::: INFORMATION
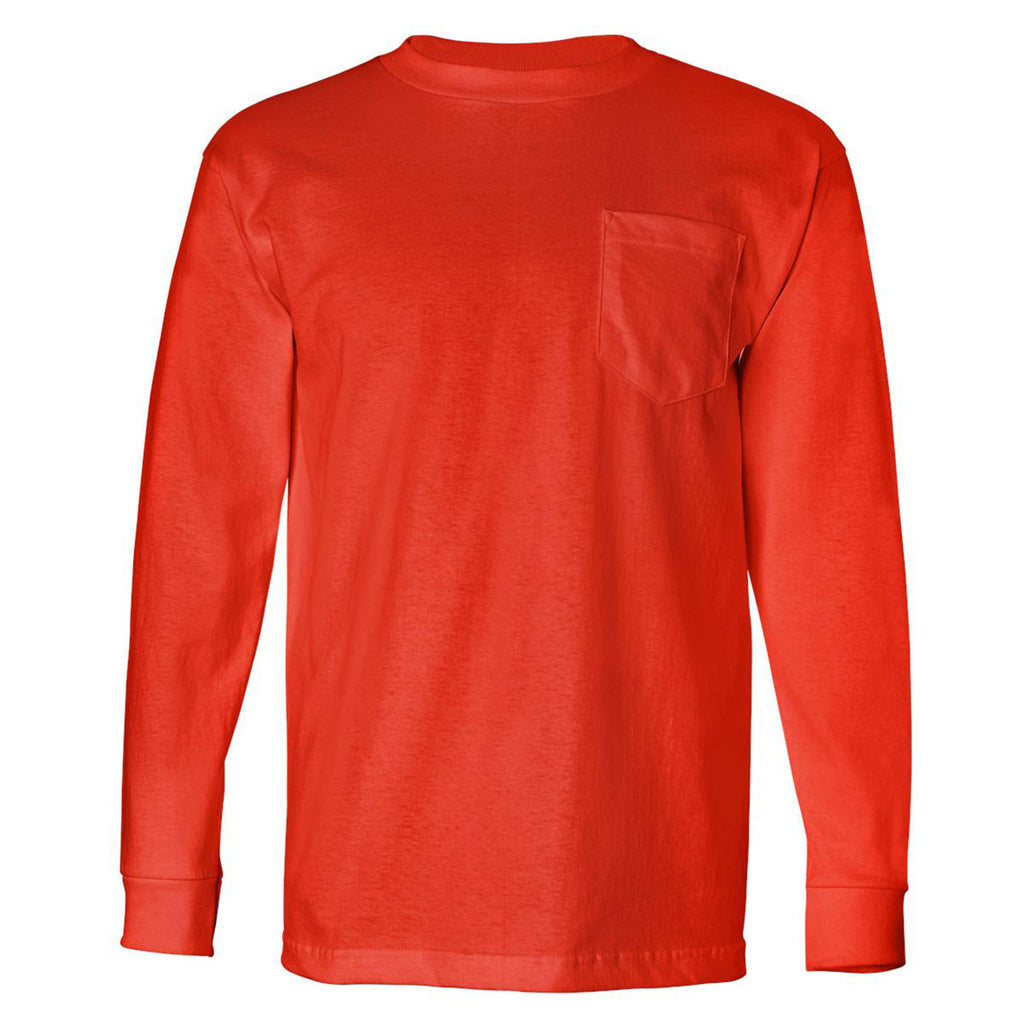 Bayside Men's Bright Orange USA-Made Long Sleeve T-Shirt with Pocket
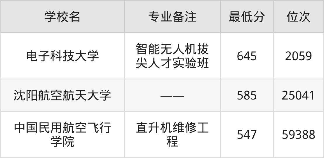 航空航天工程分数线排名前三的院校分别是:645分的电子科技大学(智能无人机拔尖人才实验班)、585分的沈阳航空航天大学、547分的中国民用航空飞行学院(直升机维修工程)。
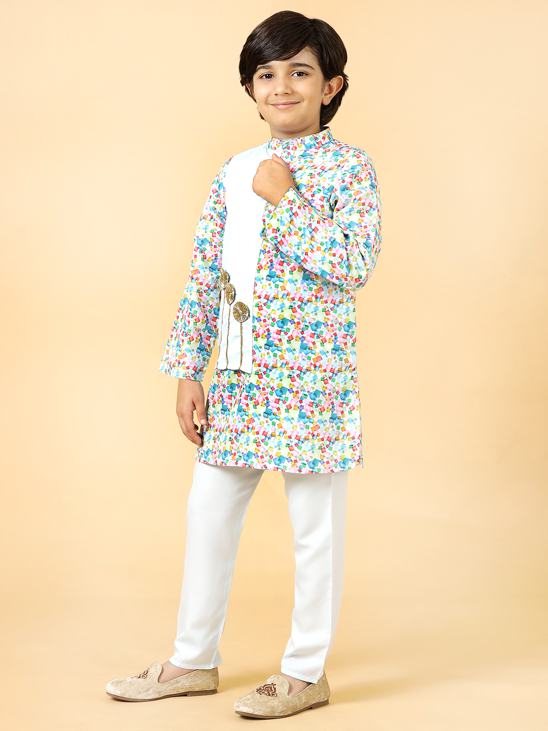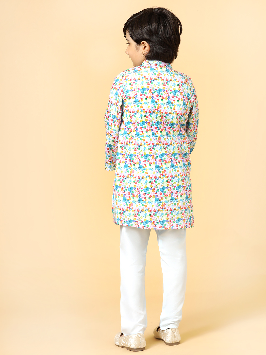 A.T.U.N. Boys’s Blue Floral Patch Kurta Pyjama Set
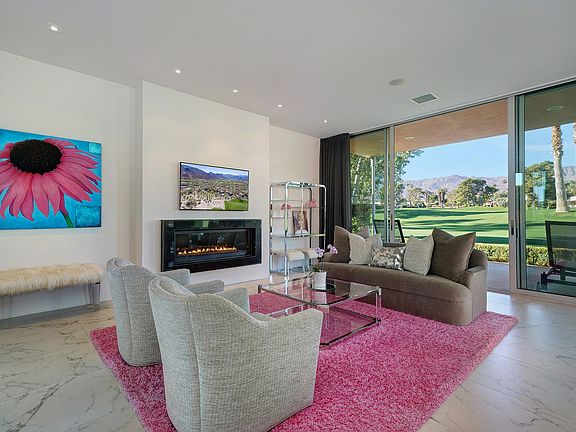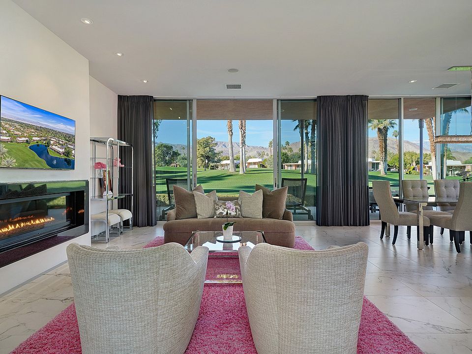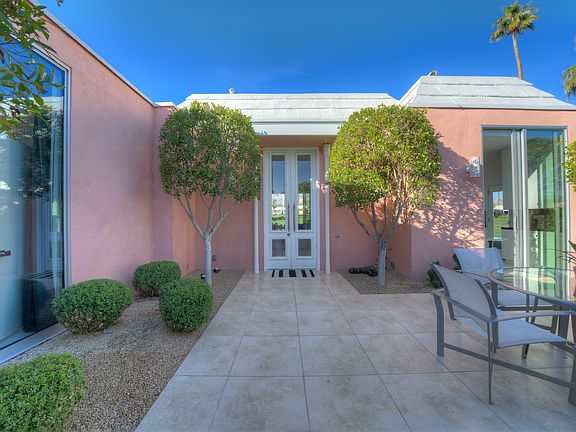 Stunning & sophisticated golf course living at Marrakesh Country Club. This 2-bedroom 2 bath residence has been transformed in the past few years into a wonderful example of desert living at its finest. A single level home with open rooms that are light and full of new floor to ceiling windows and sliders that are set against the green of the golf course. Improvements include new bathrooms, with a luxurious walk in shower and a gourmet kitchen with SS Viking appliances. The Terrace has been expanded to afford awesome views of the mountains and is steps away from the beautiful golf course. Attention to detail in design and interiors. This is one not to be missed.
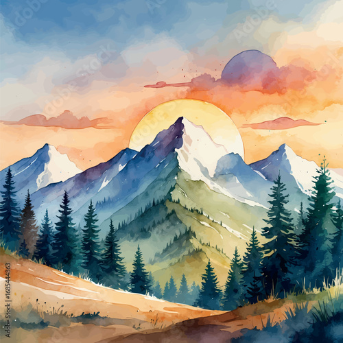 Purple and teal mountain illustration under a glowing dawn, representing hope and serenity. orange sky sunset color vector backgrounds.
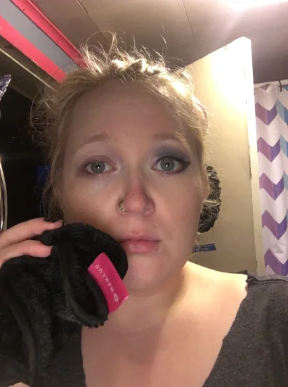 I used the black one and removed part of my face. You have wet the towel in warm water and ring out the excess then scrub in a circle to remove the makeup. As you can see above It's Pretty effective only leaving some mascara behind. Also that I'm really sad without makeup.
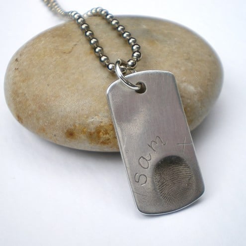Your loved one has left an impression on your heart, now carry that impression with you! A fine silver dog tag necklace with your loved ones fingerprint.
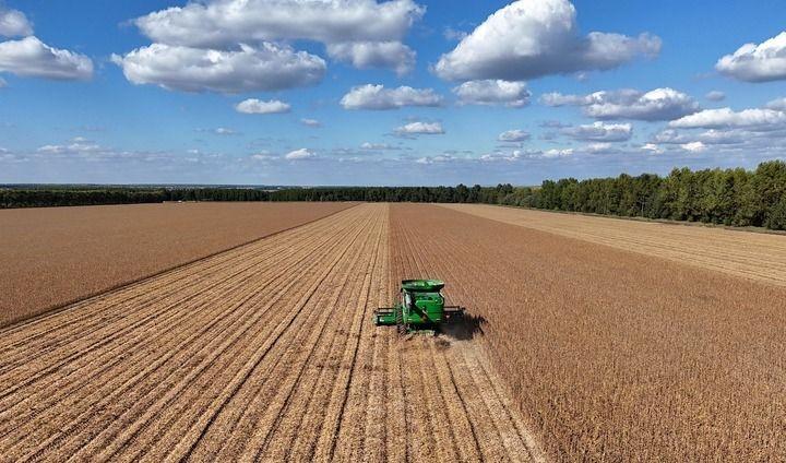 2025年9月19日,在北大荒集团黑龙江格球山农场有限公司大豆地块,收获机车在进行收获作业(无人机照片)。/新华社发(陆文祥摄)
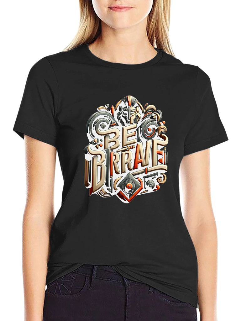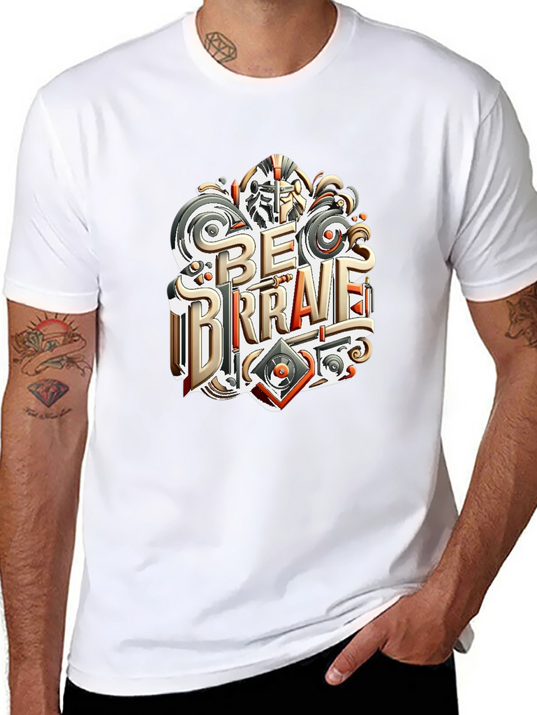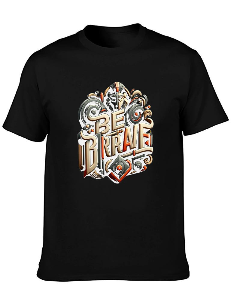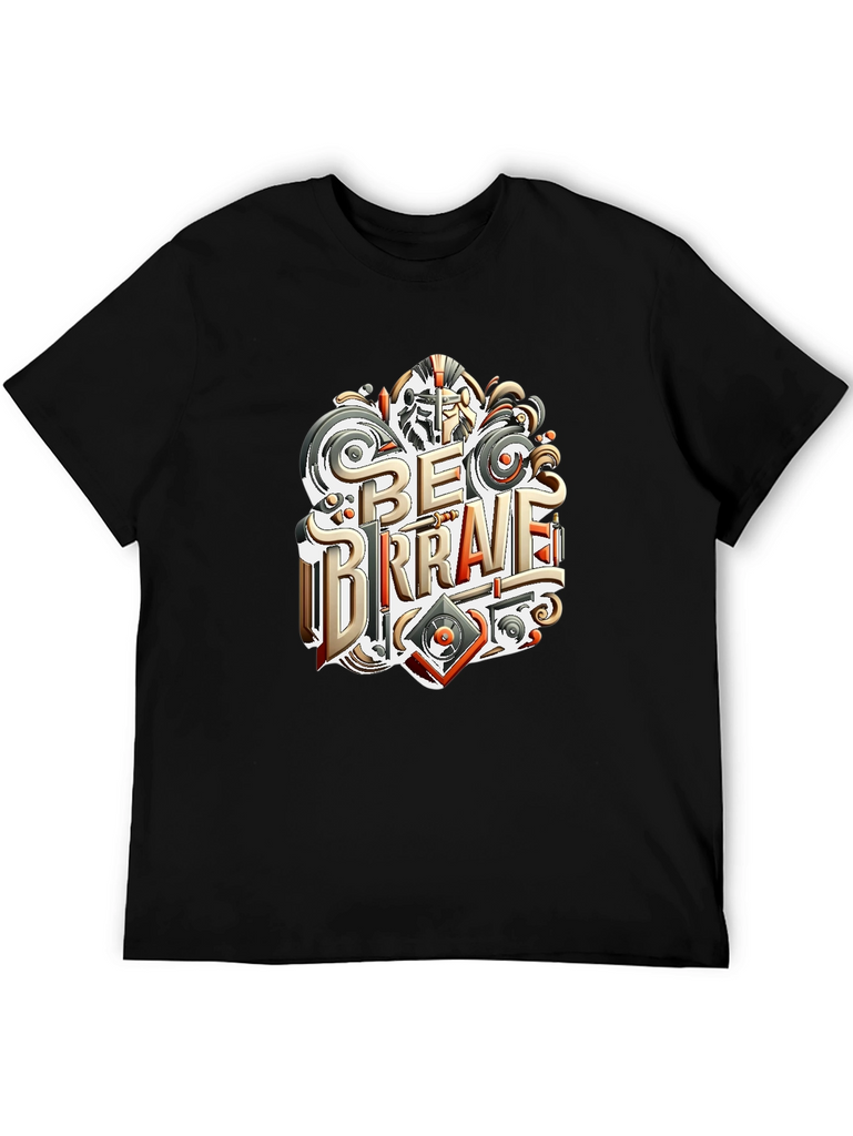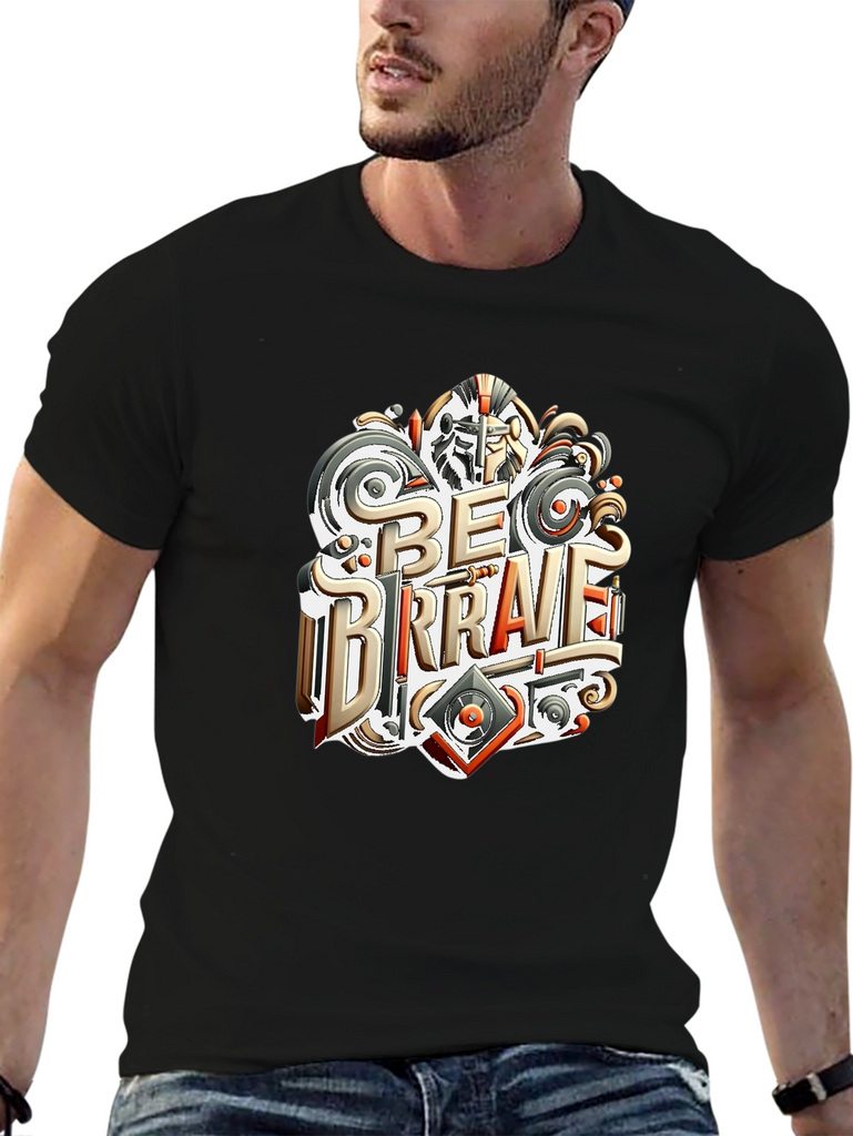 Embrace courage with this stylish black t-shirt featuring a unique "Be Brave" graphic print. The design incorporates elements of medieval armor and modern design. Made from comfortable, breathable cotton, this tee is perfect for everyday wear. Show off your fearless spirit with this statement piece, ideal for casual outings, workouts, or expressing your individuality. Make a statement and inspire others with this empowering and fashionable t-shirt. The shirt has a classic fit, which works well for a broad range of body types.
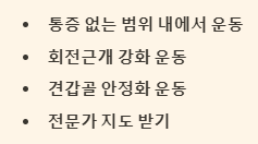 통증이 없는 범위 내에서 어깨 주변 근육을 강화하는 운동을 꾸준히 합니다. 회전근개 강화 운동, 견갑골 안정화 운동 등이 도움이 됩니다. 하지만 통증이 있을 때는 무리한 운동은 피하고, 전문가의 지도를 받아 안전하게 운동하는 것이 중요합니다.
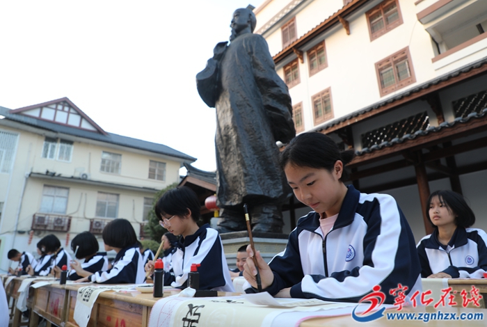 寧化是客家祖地、千年古縣,孕育了清代隸書巨匠伊秉綬等一批先賢名士。寧化六中屬福建省書法教育示范校,多年來積極推進“書香”“墨香”“詩香”校園文化建設,扎實開展書法教育。今年寧化六中舉辦紀念伊秉綬誕辰270周年系列活動,進一步傳承客家文化,打響書法教育品牌,提升師生綜合素養。
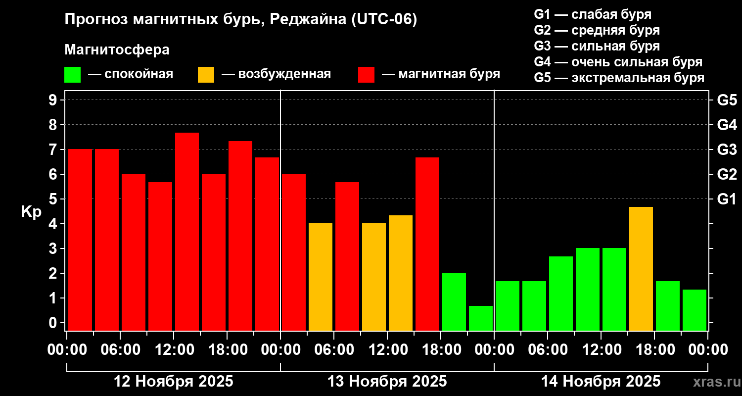 Прогноз магнитных бурь в Реджайне — 12 ноября 2025 года
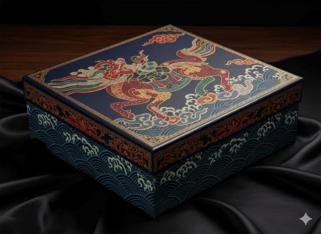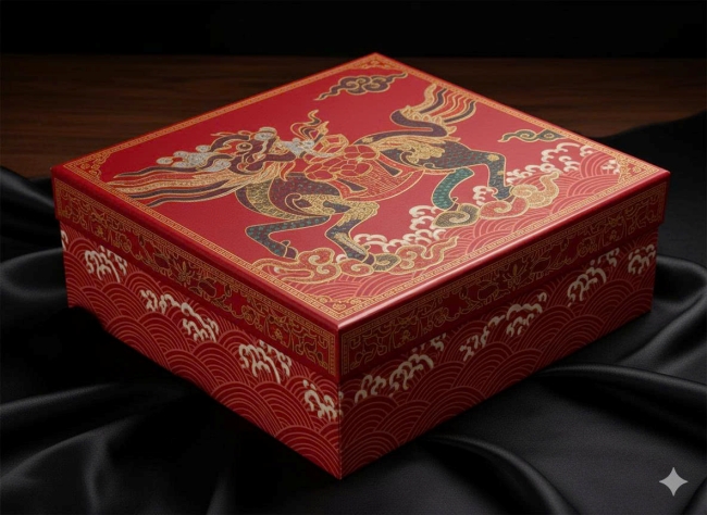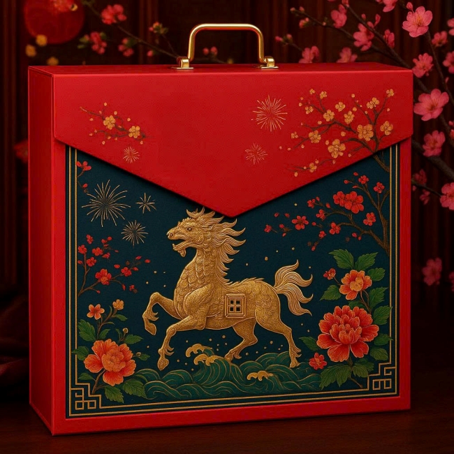 Thiết kế hộp quà mang hình ảnh ngựa phi nước đại, sử dụng hiệu ứng ép kim, cán mờ, hoặc dập nổi tinh xảo. Phù hợp cho các doanh nghiệp muốn gửi gắm tinh thần bứt phá và năng lượng tích cực đầu năm.
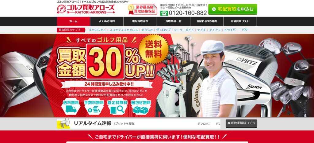 「ゴルフ買取アローズ」は、実店舗を持たないオンライン特化型の宅配買取サービスです。
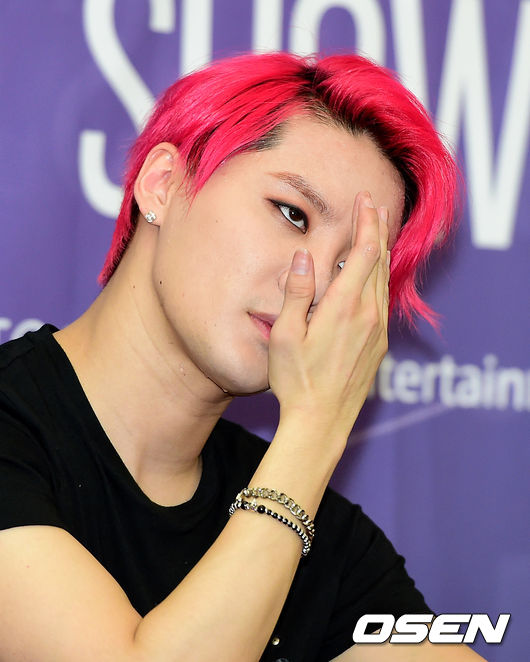JYJ 준수가 간담회 도중 땀을 닦고 있다.
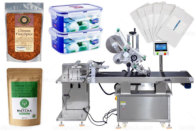 It's designed for flat surface premade pouches like stand up pouches, flat pouches, vacuum pouches, coffee bags, etc. To ensure labeling accuracy and effect
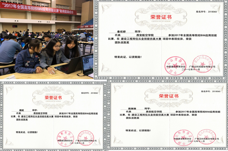 由中国建设教育协会主办,江苏建筑职业技术学院承办,广联达科技股份有限公司协办的2017年“全国高等院校BIM应用技能比赛”总决赛于2017年10月29日举行,由汪丽、党伟、李华志老师指导的团队参加了第一届建设工程岗位从业技能仿真大赛,共有80多所高校参赛,经过四个小时的紧张角逐,最终获得了本科组的团队优胜奖。
::::::
PROBLEM: With the pictures removed, print only the lines starting at the line that has "Прогноз магнитных бурь" and ending at the line that has "Thiết kế hộp", both ends included, exactly as they stand above.

ANSWER:
 Прогноз магнитных бурь в Реджайне — 12 ноября 2025 года
 Thiết kế hộp quà mang hình ảnh ngựa phi nước đại, sử dụng hiệu ứng ép kim, cán mờ, hoặc dập nổi tinh xảo. Phù hợp cho các doanh nghiệp muốn gửi gắm tinh thần bứt phá và năng lượng tích cực đầu năm.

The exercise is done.